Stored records
======

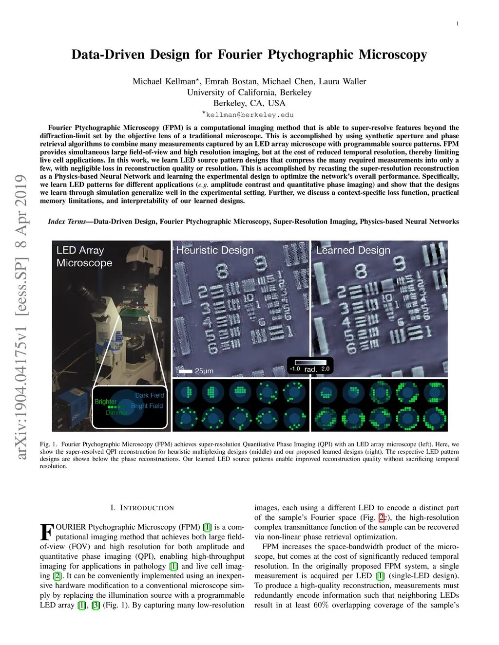 Fourier Ptychographic Microscopy (FPM) is a computational imaging method that is able to super-resolve features beyond the diffraction-limit set by the objective lens of a traditional microscope. This is accomplished by using synthetic aperture and phase retrieval algorithms to combine many measurements captured by an LED array microscope with programmable source patterns. FPM provides simultaneous large field-of-view and high resolution imaging, but at the cost of reduced temporal resolution, thereby limiting live cell applications. In this work, we learn LED source pattern designs that compress the many required measurements into only a few, with negligible loss in reconstruction quality or resolution. This is accomplished by recasting the super-resolution reconstruction as a Physics-based Neural Network and learning the experimental design to optimize the network's overall performance. Specifically, we learn LED patterns for different applications (e.g. amplitude contrast and quantitative phase imaging) and show that the designs we learn through simulation generalize well in the experimental setting. Further, we discuss a context-specific loss function, practical memory limitations, and interpretability of our learned designs.
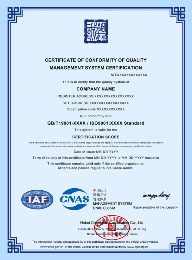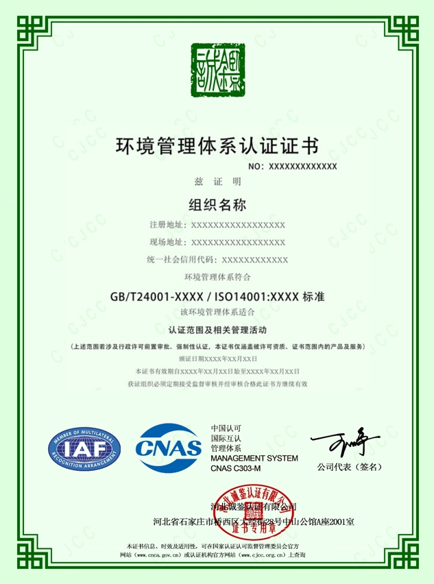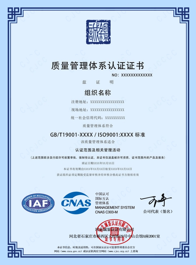 河北誠(chéng)鑒認(rèn)證有限公司(簡(jiǎn)稱(chēng)誠(chéng)鑒認(rèn)證/CJCC),創(chuàng)立于二零一七年,經(jīng)國(guó)家認(rèn)證認(rèn)可監(jiān)督管理委員會(huì)(CNAS)批準(zhǔn)(批準(zhǔn)號(hào)CNCA-R-2018-412),中國(guó)合格評(píng)定國(guó)家認(rèn)可委員會(huì)(CNAS)認(rèn)可(注冊(cè)號(hào):CNAS C303-M)),是從事質(zhì)量管理體系、環(huán)境管理體系、職業(yè)健康安全管理體系認(rèn)證,具有獨(dú)立法人資格的第三方認(rèn)證機(jī)構(gòu)。
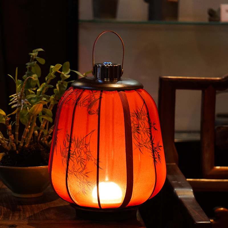 物几无线手提宫灯笼布艺台灯新中式复古床头灯高级感书法灯
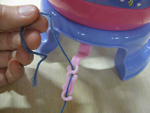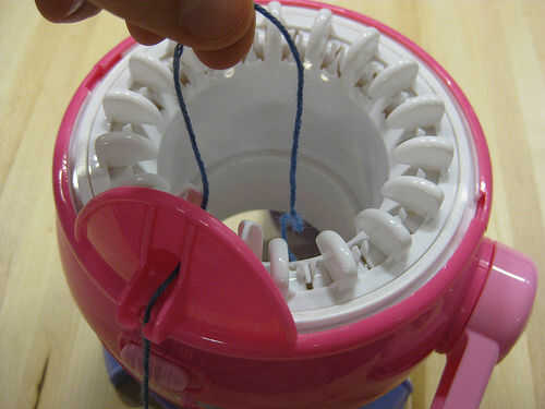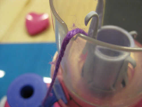 Para empezar, pase el hilo a través de la plataforma de tensión y a través del agujero en el centro de la máquina de tejer. Durante el proceso de todo punto, si la máquina hace ruidos extraños, compruebe que el hilo es capaz de correr a través de la tensión del aparejo con ninguna fricción adicional, necesidad de relajarse a sí mismo de la bola del hilado puede ser a veces demasiado peso de la máquina y le ayudará si usted relajarse la bola de hilo para que puede alimentar el hilo en la máquina con facilidad absoluta.
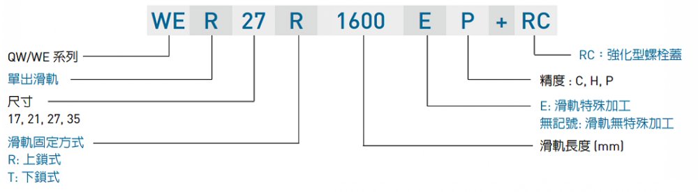 QW系列分为非互换性及互换性型两种直线导轨,两者规格尺寸相同,主要差异点在于互换性型之滑块、滑轨可单独互换使用,较便利,但其组合精度无法达到非互换性型之超精密级以上的精度,不过由于HIWIN互换性型之组合精度目前已达到一定的水平,对不需配对安装直线导轨的客户而言,是一项便利的选择。直线导轨的产品规格型号主要标明直线导轨尺寸、型式、精度等级、预压等规格要求,以利订货时双方对产品的确认。QW系列与WE系列滑轨共享,客户无需为了选用静音式产品而重新设计安装尺寸,如此更加提升了QW系列的应用性与可互换性。
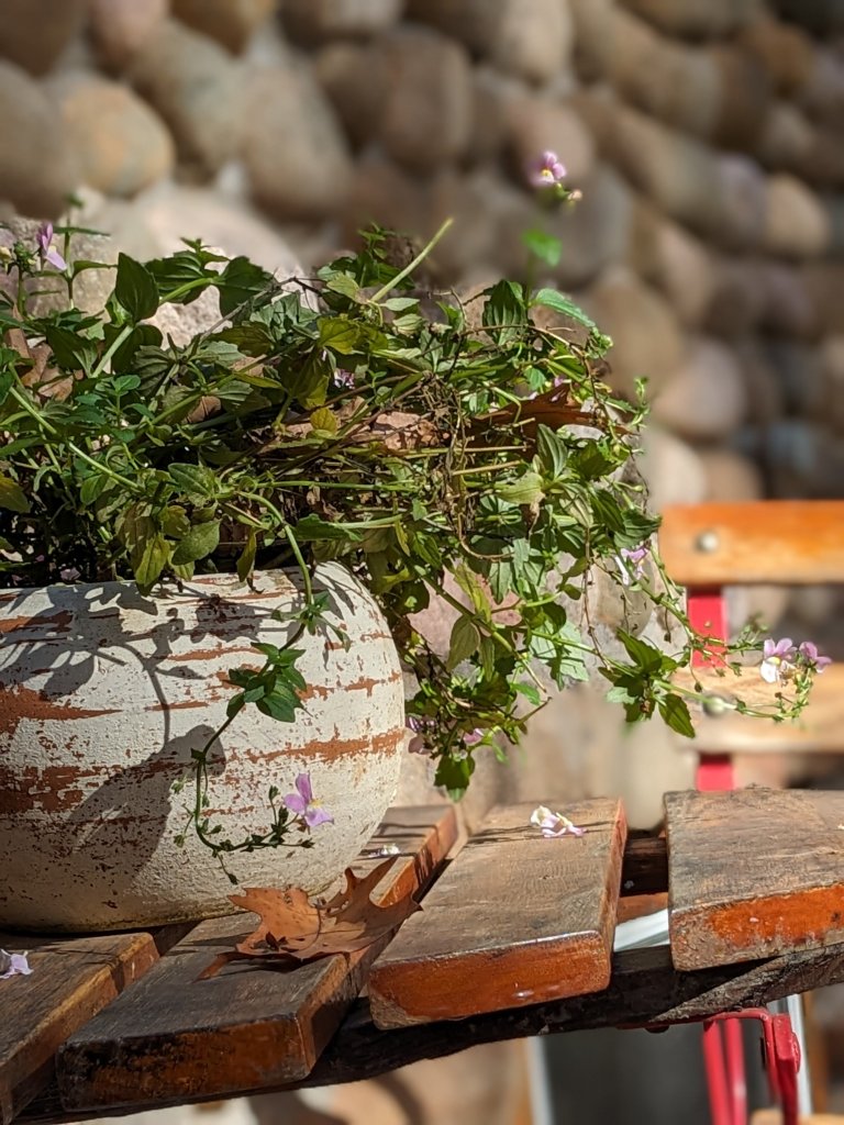 I finally made a mug of hot chocolate from Grace’s mix and grabbed my journal and a heavy throw and came out to the patio. Of course I noticed that one of the potted plants needed watering, till I could settle. Elv made a snide crack about my restless soul, but from behind his book, and promptly forgot me.
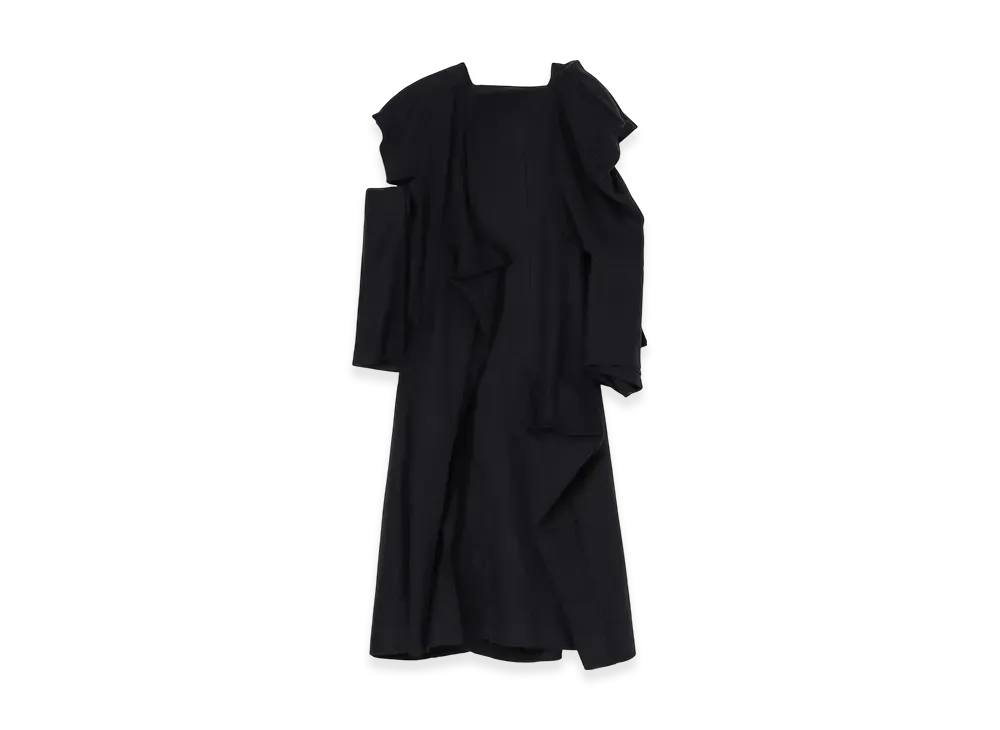 Yohji Yamamoto Combed Jersey Pigmented Pt Print Detail Dress "Black"

======

* [WHAT THIS TASK INVOLVES] What is needed is a word-for-word copy of the lines from the one containing "QW系列分为非互换性及互换性" through the final line of the records above, both included, with the pictures left out.

* [RESPONSE BOX]
 QW系列分为非互换性及互换性型两种直线导轨,两者规格尺寸相同,主要差异点在于互换性型之滑块、滑轨可单独互换使用,较便利,但其组合精度无法达到非互换性型之超精密级以上的精度,不过由于HIWIN互换性型之组合精度目前已达到一定的水平,对不需配对安装直线导轨的客户而言,是一项便利的选择。直线导轨的产品规格型号主要标明直线导轨尺寸、型式、精度等级、预压等规格要求,以利订货时双方对产品的确认。QW系列与WE系列滑轨共享,客户无需为了选用静音式产品而重新设计安装尺寸,如此更加提升了QW系列的应用性与可互换性。
 I finally made a mug of hot chocolate from Grace’s mix and grabbed my journal and a heavy throw and came out to the patio. Of course I noticed that one of the potted plants needed watering, till I could settle. Elv made a snide crack about my restless soul, but from behind his book, and promptly forgot me.
 Yohji Yamamoto Combed Jersey Pigmented Pt Print Detail Dress "Black"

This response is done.